──────── Supplied data ────────

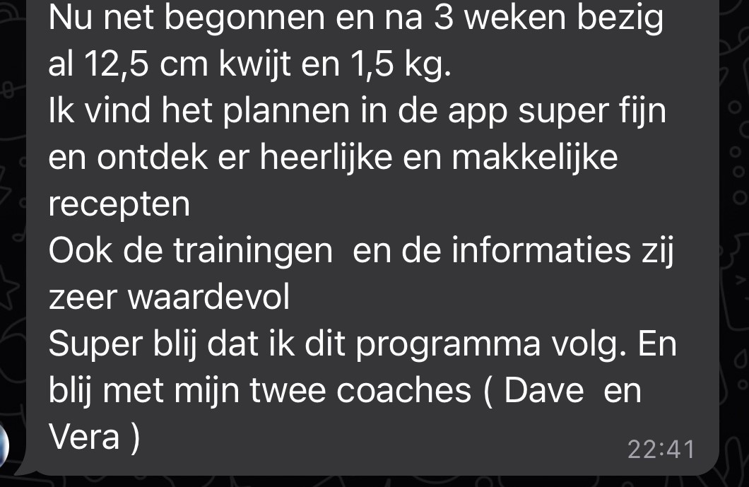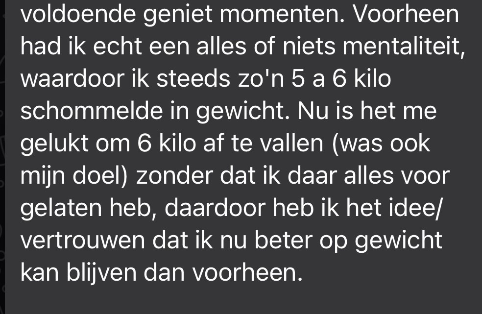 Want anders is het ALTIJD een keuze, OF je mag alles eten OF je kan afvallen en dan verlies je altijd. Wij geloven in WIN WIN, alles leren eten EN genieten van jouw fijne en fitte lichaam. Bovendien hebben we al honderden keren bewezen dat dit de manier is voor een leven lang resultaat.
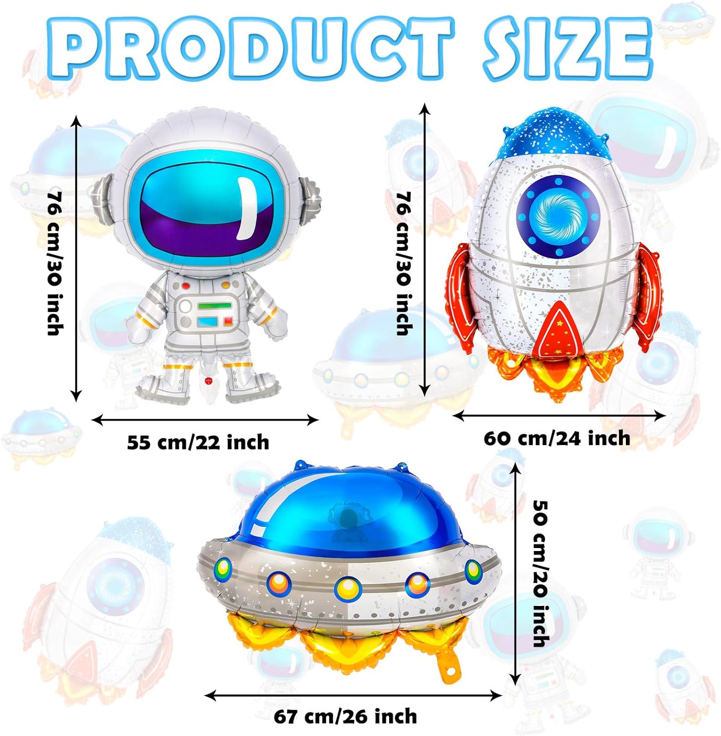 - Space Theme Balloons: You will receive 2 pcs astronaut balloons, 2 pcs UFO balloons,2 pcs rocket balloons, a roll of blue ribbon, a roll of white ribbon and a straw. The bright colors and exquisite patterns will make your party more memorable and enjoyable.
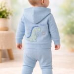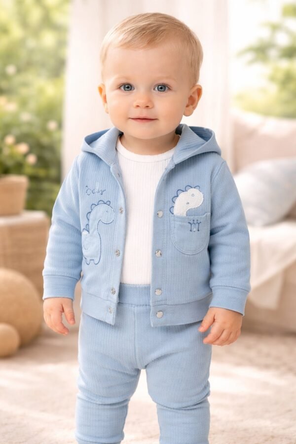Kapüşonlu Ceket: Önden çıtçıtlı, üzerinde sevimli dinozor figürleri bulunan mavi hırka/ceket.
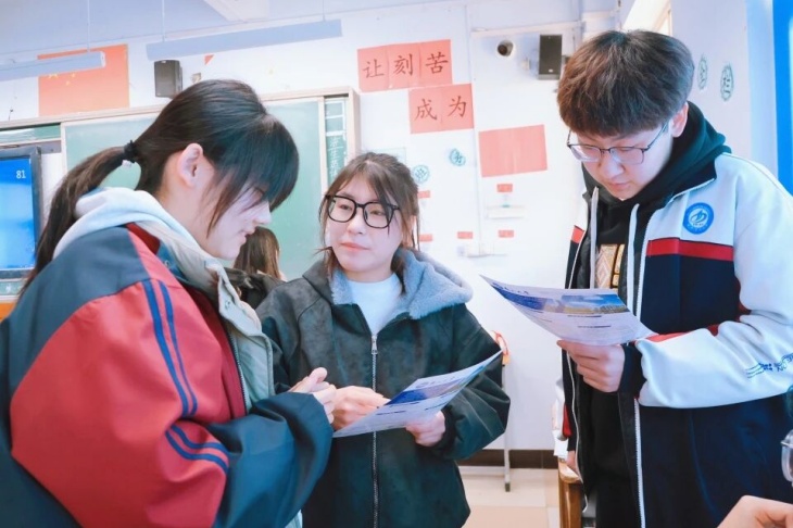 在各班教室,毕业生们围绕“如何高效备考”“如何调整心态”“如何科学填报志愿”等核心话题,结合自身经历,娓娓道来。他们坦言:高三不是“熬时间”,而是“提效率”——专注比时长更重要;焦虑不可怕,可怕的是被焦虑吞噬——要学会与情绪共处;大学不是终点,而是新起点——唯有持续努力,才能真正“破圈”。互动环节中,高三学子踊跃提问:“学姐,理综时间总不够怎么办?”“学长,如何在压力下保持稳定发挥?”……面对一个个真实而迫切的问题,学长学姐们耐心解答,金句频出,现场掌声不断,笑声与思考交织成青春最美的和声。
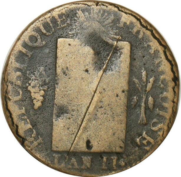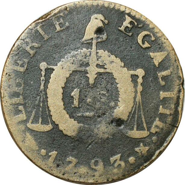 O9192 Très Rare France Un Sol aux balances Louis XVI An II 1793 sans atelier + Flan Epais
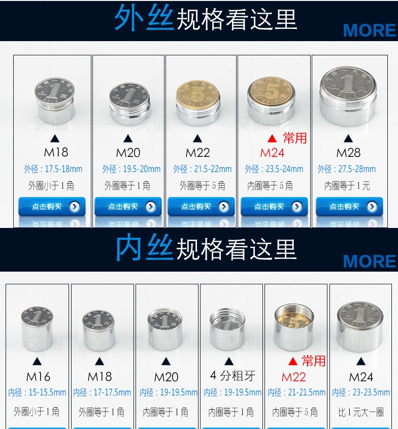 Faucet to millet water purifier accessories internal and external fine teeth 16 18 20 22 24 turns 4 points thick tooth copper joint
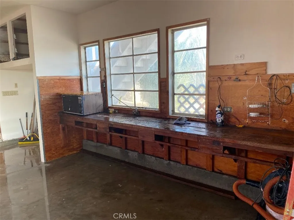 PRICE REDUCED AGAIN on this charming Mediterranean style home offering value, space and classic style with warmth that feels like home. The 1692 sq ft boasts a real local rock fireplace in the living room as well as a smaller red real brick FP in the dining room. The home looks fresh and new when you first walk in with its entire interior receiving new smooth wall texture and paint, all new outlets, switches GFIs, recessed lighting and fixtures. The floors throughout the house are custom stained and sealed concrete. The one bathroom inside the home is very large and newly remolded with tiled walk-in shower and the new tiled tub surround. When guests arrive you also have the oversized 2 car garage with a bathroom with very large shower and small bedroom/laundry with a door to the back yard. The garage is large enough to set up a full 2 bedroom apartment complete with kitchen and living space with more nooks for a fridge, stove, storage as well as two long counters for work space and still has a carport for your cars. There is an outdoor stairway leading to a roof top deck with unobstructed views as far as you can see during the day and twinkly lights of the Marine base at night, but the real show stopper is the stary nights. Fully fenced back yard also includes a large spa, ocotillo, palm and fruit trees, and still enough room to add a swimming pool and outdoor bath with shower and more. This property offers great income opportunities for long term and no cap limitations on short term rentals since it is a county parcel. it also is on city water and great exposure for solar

────────

Exercise description: When you reach the line that has "Kapüşonlu Ceket: Önden" in the data above, start repeating lines exactly, and stop after the line that has "Faucet to millet"; pictures stay out.

Answer space:
Kapüşonlu Ceket: Önden çıtçıtlı, üzerinde sevimli dinozor figürleri bulunan mavi hırka/ceket.
 在各班教室,毕业生们围绕“如何高效备考”“如何调整心态”“如何科学填报志愿”等核心话题,结合自身经历,娓娓道来。他们坦言:高三不是“熬时间”,而是“提效率”——专注比时长更重要;焦虑不可怕,可怕的是被焦虑吞噬——要学会与情绪共处;大学不是终点,而是新起点——唯有持续努力,才能真正“破圈”。互动环节中,高三学子踊跃提问:“学姐,理综时间总不够怎么办?”“学长,如何在压力下保持稳定发挥?”……面对一个个真实而迫切的问题,学长学姐们耐心解答,金句频出,现场掌声不断,笑声与思考交织成青春最美的和声。
 O9192 Très Rare France Un Sol aux balances Louis XVI An II 1793 sans atelier + Flan Epais
 Faucet to millet water purifier accessories internal and external fine teeth 16 18 20 22 24 turns 4 points thick tooth copper joint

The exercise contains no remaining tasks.